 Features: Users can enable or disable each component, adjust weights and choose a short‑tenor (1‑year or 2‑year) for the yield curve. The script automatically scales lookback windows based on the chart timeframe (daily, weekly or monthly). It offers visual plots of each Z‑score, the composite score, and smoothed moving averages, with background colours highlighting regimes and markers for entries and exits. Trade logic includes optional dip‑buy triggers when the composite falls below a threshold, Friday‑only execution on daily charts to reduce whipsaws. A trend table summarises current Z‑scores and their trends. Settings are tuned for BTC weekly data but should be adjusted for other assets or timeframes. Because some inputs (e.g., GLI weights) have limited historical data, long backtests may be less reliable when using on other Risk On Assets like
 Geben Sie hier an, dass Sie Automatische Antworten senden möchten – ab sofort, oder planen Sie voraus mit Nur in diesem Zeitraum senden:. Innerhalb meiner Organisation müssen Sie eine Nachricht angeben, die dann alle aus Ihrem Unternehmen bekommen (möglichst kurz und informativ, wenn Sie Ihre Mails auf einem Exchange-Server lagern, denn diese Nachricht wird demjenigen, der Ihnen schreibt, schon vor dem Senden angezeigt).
---
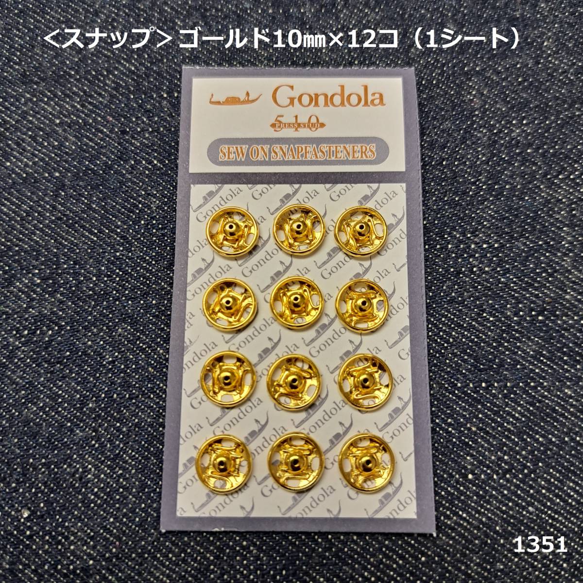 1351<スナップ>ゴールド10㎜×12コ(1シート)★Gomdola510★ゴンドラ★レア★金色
...
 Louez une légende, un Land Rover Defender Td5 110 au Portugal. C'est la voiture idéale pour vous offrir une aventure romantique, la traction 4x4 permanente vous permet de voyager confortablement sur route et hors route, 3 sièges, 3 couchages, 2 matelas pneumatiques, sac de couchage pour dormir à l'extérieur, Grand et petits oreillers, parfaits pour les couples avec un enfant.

▸ Problem to solve
Within the material above, copy exactly the lines from the line that holds "Features: Users can" up to and including the line that holds "Geben Sie hier".

▸ Reply
 Features: Users can enable or disable each component, adjust weights and choose a short‑tenor (1‑year or 2‑year) for the yield curve. The script automatically scales lookback windows based on the chart timeframe (daily, weekly or monthly). It offers visual plots of each Z‑score, the composite score, and smoothed moving averages, with background colours highlighting regimes and markers for entries and exits. Trade logic includes optional dip‑buy triggers when the composite falls below a threshold, Friday‑only execution on daily charts to reduce whipsaws. A trend table summarises current Z‑scores and their trends. Settings are tuned for BTC weekly data but should be adjusted for other assets or timeframes. Because some inputs (e.g., GLI weights) have limited historical data, long backtests may be less reliable when using on other Risk On Assets like
 Geben Sie hier an, dass Sie Automatische Antworten senden möchten – ab sofort, oder planen Sie voraus mit Nur in diesem Zeitraum senden:. Innerhalb meiner Organisation müssen Sie eine Nachricht angeben, die dann alle aus Ihrem Unternehmen bekommen (möglichst kurz und informativ, wenn Sie Ihre Mails auf einem Exchange-Server lagern, denn diese Nachricht wird demjenigen, der Ihnen schreibt, schon vor dem Senden angezeigt).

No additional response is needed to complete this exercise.